Livy bergeser dan Lily pun naik, serta merebahkan tubuhnya di sisi Livy dalam posisi menyamping. Tadinya, mereka sama-sama diam, hingga Livy yang pikirannya sedang tidak tenang itupun, akhirnya melontarkan kata-kata.
"Mom?" panggil Livy.
"Hm? Kenapa sayang?" tanya Lily.
"Apa Livy benar-benar harus menikah dengannya?"
"Kamu sudah dengar sendirikan tadi? Kita akan mengadakan pernikahannya di sini secara tertutup. Bukan tidak ingin membuat pesta yang besar untuk kamu. Tapi, media selalu saja mencari-cari berita, yang menyangkut kehidupan pribadi saja. Kasihan Dad nanti. Bukannya brand perusahaannya yang naik. Tetapi malah berita tentang kamu yang malah mencuat. Kamu juga, pasti tidak akan nyaman nanti. Jadi untuk sementara ini, tidak apa-apa ya, bila tidak dilakukan besar-besaran. Kakak kamu juga belum Mommy hubungi. Biar nanti saja, kita ceritakan saat dia libur panjang dan pulang ke sini."
"Apa tidak bisa dibatalkan saja, Mom? Livy, tidak mau menikah dengan orang seperti dia."
Lily menghela napas dalam-dalam dan kembali bicara lagi.

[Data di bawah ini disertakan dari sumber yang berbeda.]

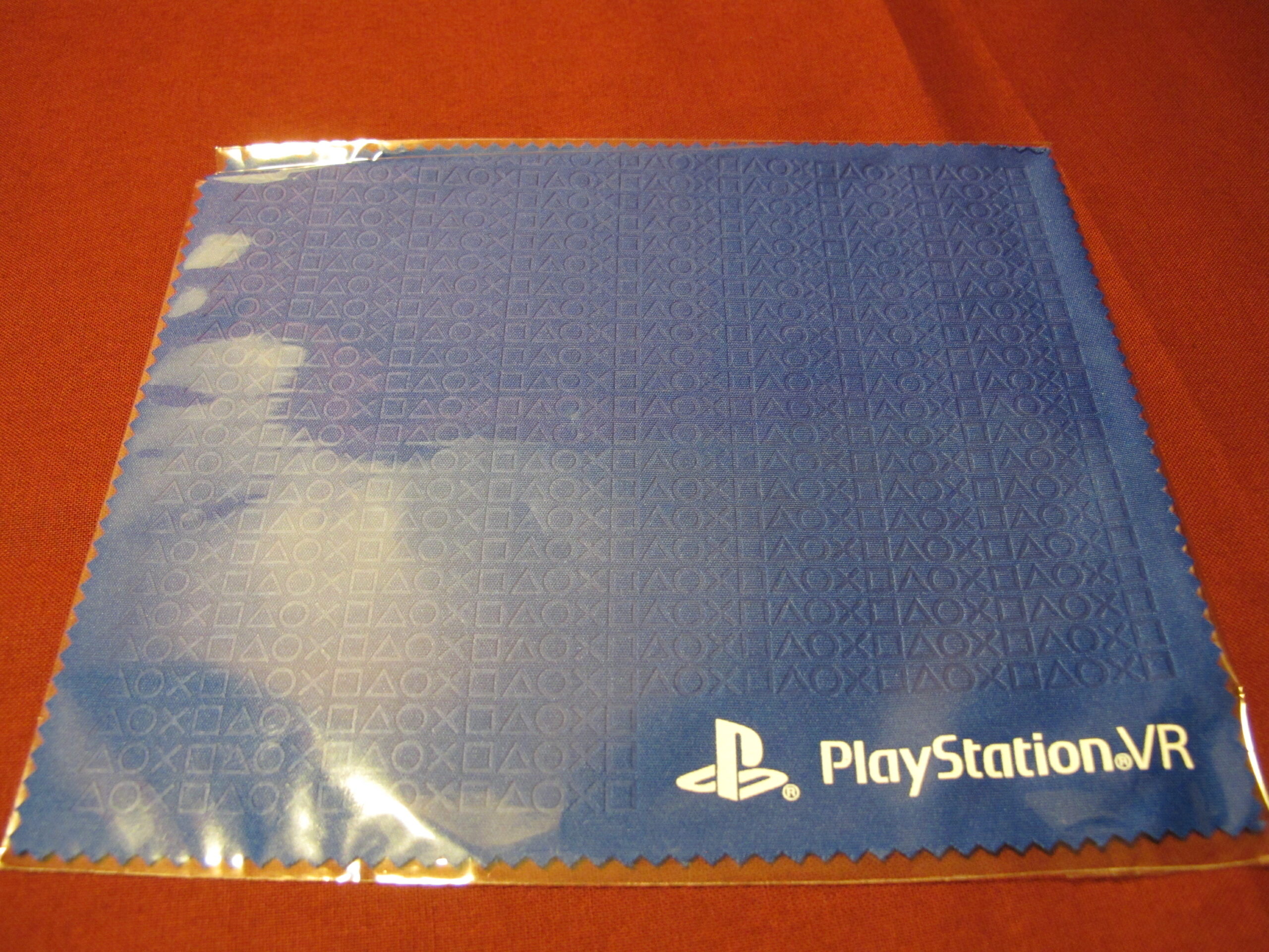 Mais ce n’est pas tout. Le constructeur japonais a soigneusement pensé à tout et nous a rajouté quelques petits bonus. En premier lieu, et non des moindres, une petite chiffonnette douce, qui va certainement s’avérer très utile pour le nettoyage des lentilles. Et soyons honnêtes, l’objet en lui-même est commun, et pourtant son inscription « PlayStation VR » et les logos des 4 touches de prédilection de la manette imprimés sur toute la surface font plaisir à voir.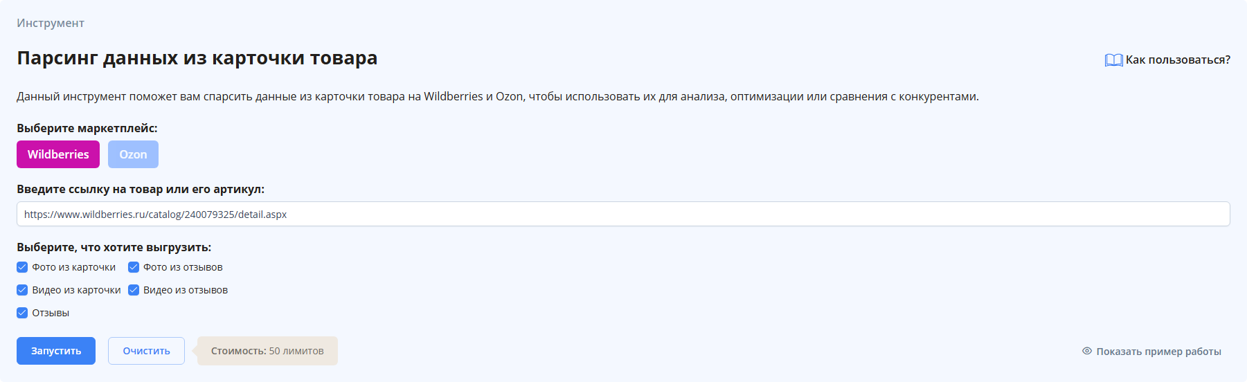 С помощью инструмента «Парсинг данных из карточки товара» вы можете спарсить фото, видео и отзывы из любой карточки товара на Wildberries или Ozon, чтобы проанализировать свои материалы, сравнить их с конкурентами и найти точки роста.
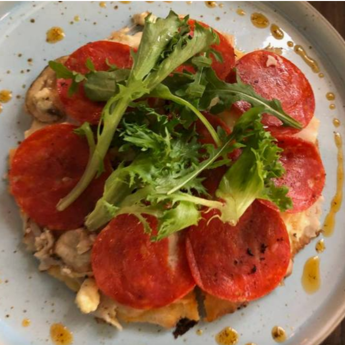 Pepperoni, pechuga de pavo, queso, aceitunas negras, champiñones y tomate cherry.

"Mommy paham sekali dengan apa yang kamu rasakan sekarang. Tetapi, kamu harus tahu, kami melakukan ini, bukan untuk menjerumuskan kamu. Kami lakukan ini, justru untuk kebaikan kamu juga. Kalau kita dari kalangan yang biasa-biasa saja, mungkin tidak akan jadi masalah. Tidak akan jadi berita. Tetapi, Dad bukanlah orang sembarangan. Hal semacam ini, pasti akan mengundang perhatian banyak orang. Kamu pasti akan dicari-cari oleh pemburu berita. Apa kamu mau seperti itu?" ucap Lily.
"Tidak mau, Mom," ucap Livy sembari menggelengkan kepalanya.
"Ya maka dari itu, kami memilih jalan ini. Sekali lagi, bukan karena tidak sayang. Justru, karena kami menyayangi kamu. Makanya kami ambil jalan seperti ini."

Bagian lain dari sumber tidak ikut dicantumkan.